What would it be like if you were on the team playing the game?
This is a silly question because knowing the score and how much time remains is essential to knowing how well the team is performing, stepping up effort, rallying the team, when to leave, and much more. Welcome to Part 2 of my 3 Part blog which is setting the stage for my remaining Middleship™ blog posts. In this blog post, I’ll cover BULLET POINT 2…
Are you winning?
In my training workshops, I explain that the materials I am presenting are intended to help employees function more effectively as a team. Then, in a firm and deliberate tone of voice, I’ll say, if you’re not trying to function as a high-performing team, then I’m in the wrong place. This raises another question. What is the alternative to working and functioning together as a team?
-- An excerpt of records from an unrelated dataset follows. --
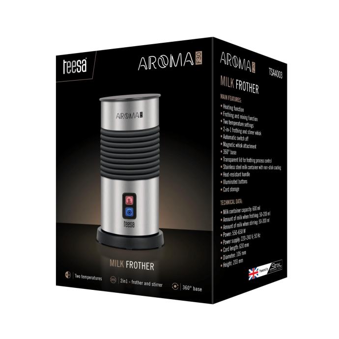 Z močnim 650W grelnikom AROMA F30 lahko hitro in enostavno pripravite toplo ali penasto mleko, ki je popoln dodatek vaši najljubši kavi ali drugim napitkom. S kapaciteto 600ml lahko pripravite dovolj mleka za več skodelic kave ali čaja, kar vam omogoča, da svoje goste razvajate s profesionalno pripravljeno peno mleka kar doma.
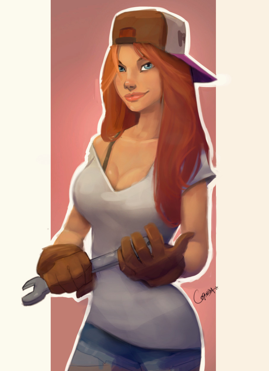 Character for Racing game at work. Shes a mechanic...a hot one. Because that how this world rolls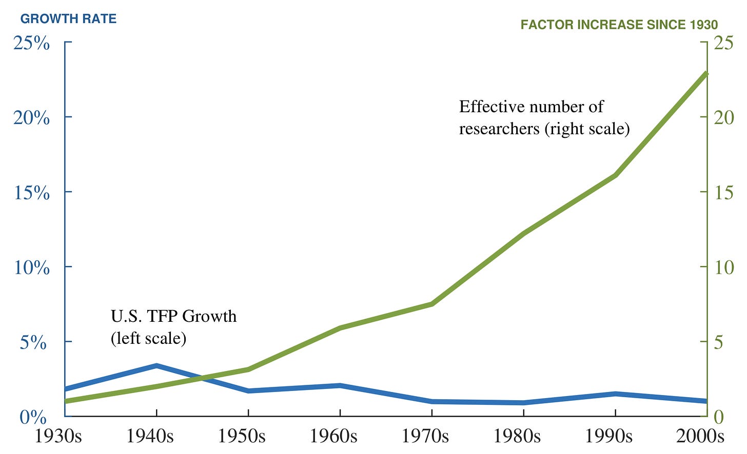 Several posts back I wrote about the 2020 paper “Are Ideas Getting Harder To Find?” by Nicholas Bloom, Charles Jones, John Van Reenen, and Michael Webb. In the post, I explain the paper with a metaphor: Our economy is like a car. Jones et al point out that our fuel use (R&D investment) has been growing fast for 100 years but our acceleration (productivity growth rate) hasn’t budged. They explain this by positing some inherent drag on idea exploration that gets more burdensome as we learn more. Something like inertia which makes it harder to double the speed of a car that’s already going fast than a car that starts slower.

The answer would be a workplace of sole proprietors.
An organization full of sole proprietors can easily lead to problems like silos, walls between employees, and other self-defeating behaviors. Interestingly, however, the informed sole proprietors (think entrepreneurs) know they need good “team members” like family, accountant, suppliers, and others to help them be a success. My point? If your intent is not to function as a team stop reading now. My blogs are not for you.
The participants in my workshops will confirm that the reason for attending my workshops is so that they can be and influence others to be a winning team.
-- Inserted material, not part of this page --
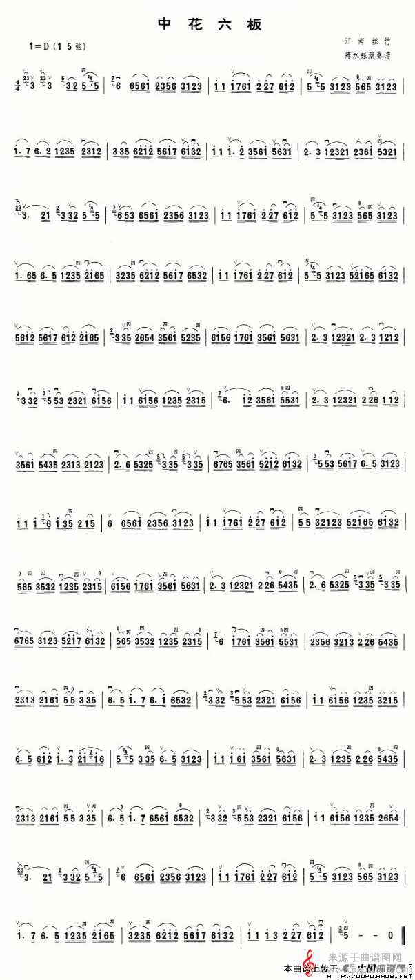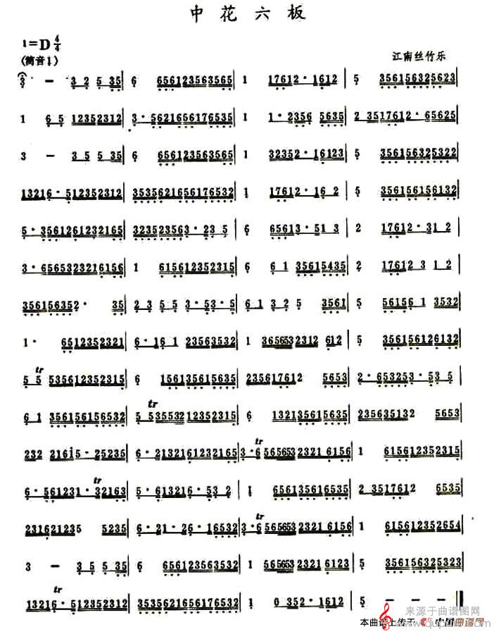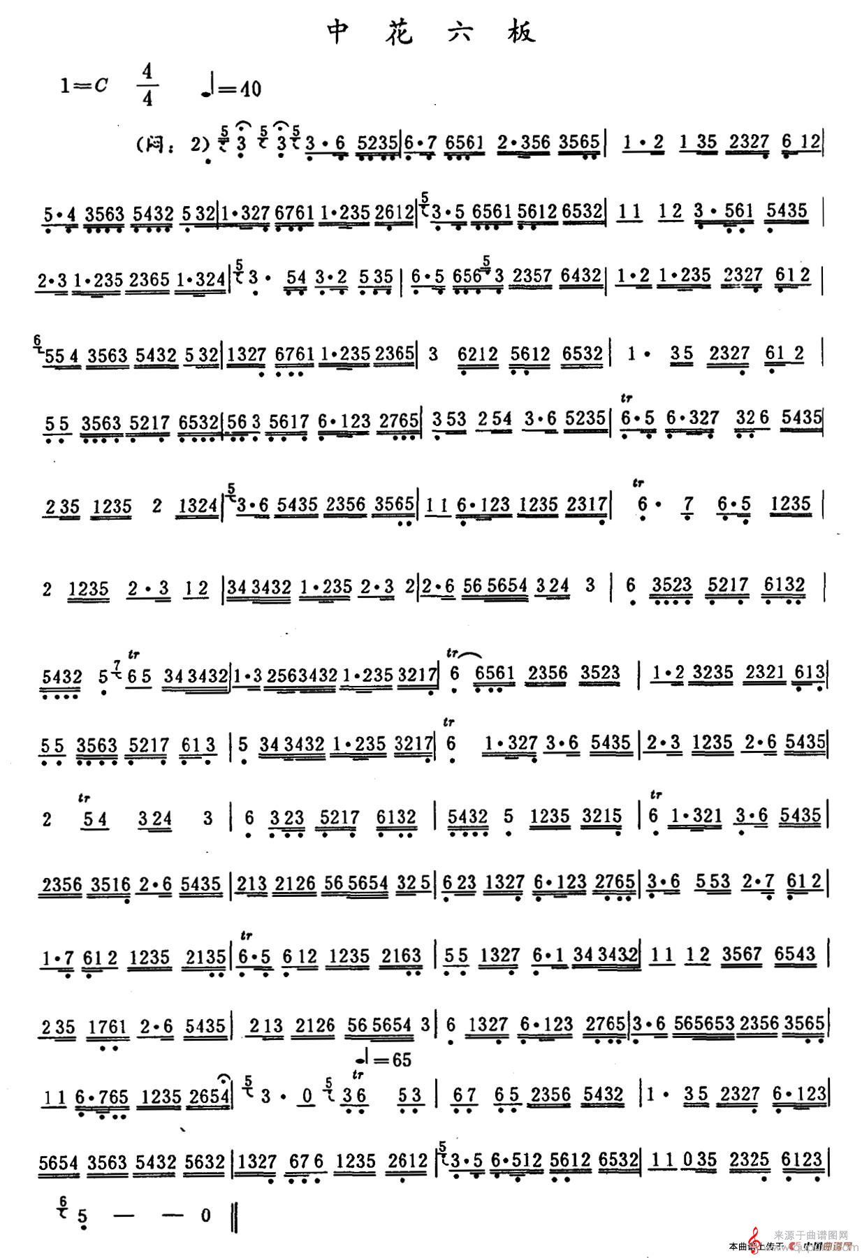 曲谱图网为您提供中花六板简谱(中花六板丝竹演奏曲谱)找谱子,就上曲谱图网。

So, what do teams need to know to gauge whether they are winning? Answers include the score, the location of the goal, and how much time remains on the clock.
Before studying and implementing Middleship™ methods leaders must buy-in to the idea that workplace teams need to know whether they are winning. To do this, employees need to know the score.
How can you establish an organizational scoreboard?
The good news is that many elements of organizational scoreboards or dashboards are already in place in most workplaces. The elements need only be assembled in a meaningful way. This includes “hardwiring” the score to the overarching goals (strategy) of the organization. But even more important is to ensure visibility of the scoreboard to the workforce. Like a professional sports team, it would be stupid to hide the scoreboard from the team and the same holds true in high performing organizations. This is true whether the team is winning or losing. Leaders of these organizations make it their business to continually ensure their teams know whether they are winning.
What aspects of organizational performance make a scoreboard?
Data that can be hardwired into a scoreboard might include:
- Employee engagement survey results
- Customer satisfaction scores such as effectiveness, on-time delivery, etc.
- Bottom-line financial performance values
- Process productivity values such as efficiency, cycle time, waste, etc.
- Quality of services and/or products.
I provide more information on how to set goals via strategic plan summary and building a dashboard of performance indicators in future blog posts. For now, you, the leader, need only accept the idea that teams need to know the score and your role as a leader include ensuring the team is aware of it. This will enable an immediate and sustained ability to answer the question, are you winning?
What are some of the ways you’ve seen organizations use scoreboards or dashboards to help employees know whether they are winning?